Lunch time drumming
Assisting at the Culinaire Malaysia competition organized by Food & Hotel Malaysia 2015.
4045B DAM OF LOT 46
------------------------------------
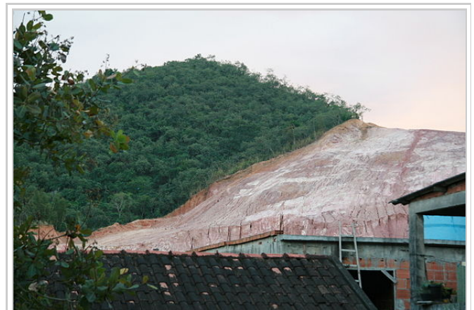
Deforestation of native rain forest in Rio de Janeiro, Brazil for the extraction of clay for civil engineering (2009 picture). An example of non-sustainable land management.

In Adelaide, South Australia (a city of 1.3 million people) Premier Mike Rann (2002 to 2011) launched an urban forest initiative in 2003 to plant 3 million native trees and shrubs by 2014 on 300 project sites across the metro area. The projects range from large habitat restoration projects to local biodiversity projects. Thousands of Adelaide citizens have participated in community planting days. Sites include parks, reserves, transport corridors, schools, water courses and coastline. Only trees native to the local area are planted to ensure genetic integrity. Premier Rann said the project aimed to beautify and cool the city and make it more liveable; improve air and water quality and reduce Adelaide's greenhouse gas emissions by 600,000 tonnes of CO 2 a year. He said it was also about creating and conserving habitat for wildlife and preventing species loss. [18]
------------------------------------
## Work required
Repeat, exactly as they stand above, the lines from the line with "Lunch time drumming" to the line with "4045B DAM OF LOT 46", both lines included.

## Written response
Lunch time drumming
Assisting at the Culinaire Malaysia competition organized by Food & Hotel Malaysia 2015.
4045B DAM OF LOT 46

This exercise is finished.